な、なんなんだよこの!私が恥ずかしい思いをしてやっているというのに!キモいことぐらいわかってる!
「お、おま、な、何してんだ、頭大丈夫か!?」
「だ、だってお祝いの言葉だけじゃ嫌なのかと.......」
「バカかお前は!!んなわけねえだろ!!お前の言い方が予想以上にイケメン風だったからなんか、なんかイヤになったんだよアホ!チビ!」
「私は女子の中じゃ大きい方ではあるぞ!?161センチあるぞ!?」
「俺からしたらチビだよバカ!」
「10センチってそんなに離れてるものなのか!?」
「当たり前だっつーの!」
ぎゃーぎゃー言い合っている内に、疲れてきて自然と黙り込んだ。
「……第一、なんであーんなんだよ。もっと美人で胸がでかい女になってからやれ。その方が嬉しい」
「失礼な奴だな。私は美人でもないし胸もない人だ、どうせ貧乳だ」
あれ、なんか自分で言ってて悲しくなってきた。もうやめよう。
「……そんなお前にちょっとドキってしたのが腹立つ」
「…………え」
芳野は聞き取れるか微妙な大きさの声で呟いた。だが私は聞き取った。
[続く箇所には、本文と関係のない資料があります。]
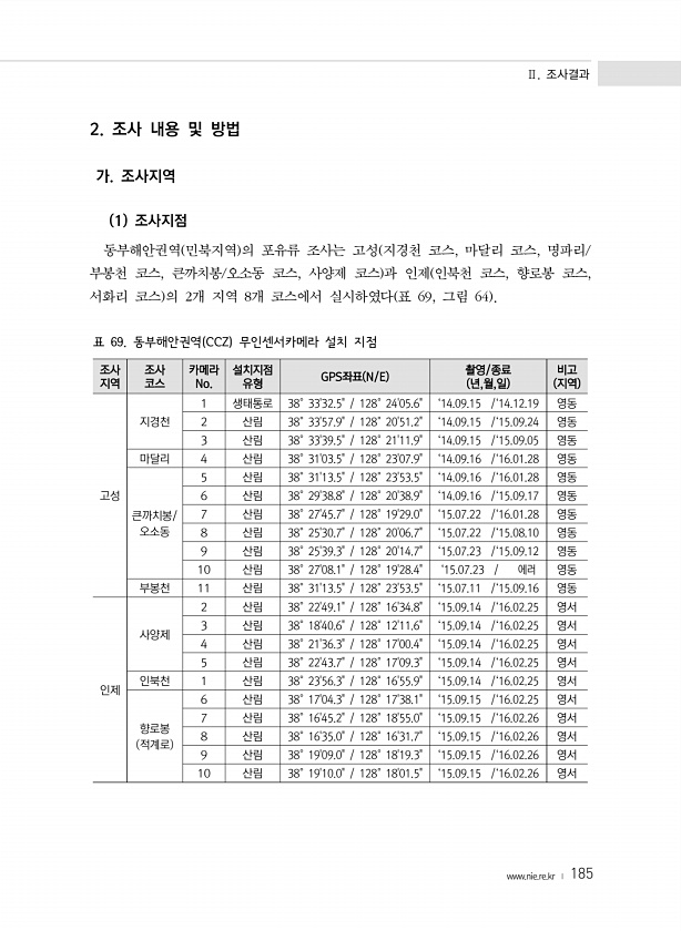 Ⅱ. 조사결과 www.nie.re.kr ? 185 2. 조사 내용 및 방법 가. 조사지역 1 조사지점 동부해안권역 민북지역 의 포유류 조사는 고성 지경천 코스, 마달리 코스, 명파리/ 부봉천 코스, 큰까치봉/오소동 코스, 사양제 코스 과 인제 인북천 코스, 향로봉 코스, 서화리 코스 의 2개 지역 8개 코스에서 실시하였다 표 69, 그림 64 조사 지역 조사 코스 카메라 No. 설치지점 유형 GPS좌표 N/E 촬영/종료 년,월,일 지역 비고 고성 지경천 1 생태통로 38°3332.5128°2405.6‘14.09.15 /‘14.12.19 영동 2 산림 38°3357.9128°2051.2‘14.09.15 /‘15.09.24 영동 3 산림 38°3339.5128°2111.9‘14.09.15 /‘15.09.05 영...

静かな部屋だったのもあったが。
「よ、芳野」
顔を見ようとするが芳野は下を向き、片手で顔を覆っていた。
「見るんじゃねーよ貧乳」
「そこは結構本気で落ち込むからあんまり言わないで欲しい……ていうか、芳野まさか……て、照れてるのか?」
私がそう言うと芳野はガバっと顔を上げた。赤い顔で、眉間にはシワがよっている。
「んなわけねーだろ!俺様がお前ごときに照れるわけねえ!」
「いや、現在進行形で照れてるだろ……」
「ちげえよ!これは、あれだ!最近暑くなってきただろ!?それだよ!」
「芳野。素直に“祐希のあーんにときめきました”と認めたらどうだ」
「認めるわけねえだろ!!…………って松江!?お前いつの間に……!?」
あれ、ほんとだ。いつの間にか松江が会話に参戦してる。
松江はガサガサと袋を揺らしながら私たちの近くに座った。
「本当は少し前に帰ってきてたが中々面白そうな現場だったから……つい、見てた」
「おいテメェその片手に持ってるスマホどうした。なんで隠すように持ってんだおい」
「何言ってるんだ芳野。隠し撮りするわけないだろ。そんな常識のないことはしない」
「俺まだ何も言ってねえよ!!やっぱ隠し撮りしてたんか!!消せ!!今すぐにそのデータを消せ!!」
「既にSDカードに移し済みだ」
「じゃあそのSDカードぶっ壊してやる!!」
「暴力はよくないな芳野。それよりこの和菓子おいしそうだな、祐希。これいただいてもいいか?」
「いいぞ。いろいろ買ってきたしな」
「お前ら俺に対しての扱い酷くねえか!?」
芳野が嘆いているのを見て、私と松江は顔を見合わせて笑った。
照れ臭い行動ではあったが、まあこれも1つの青春の1ページということでいいだろう。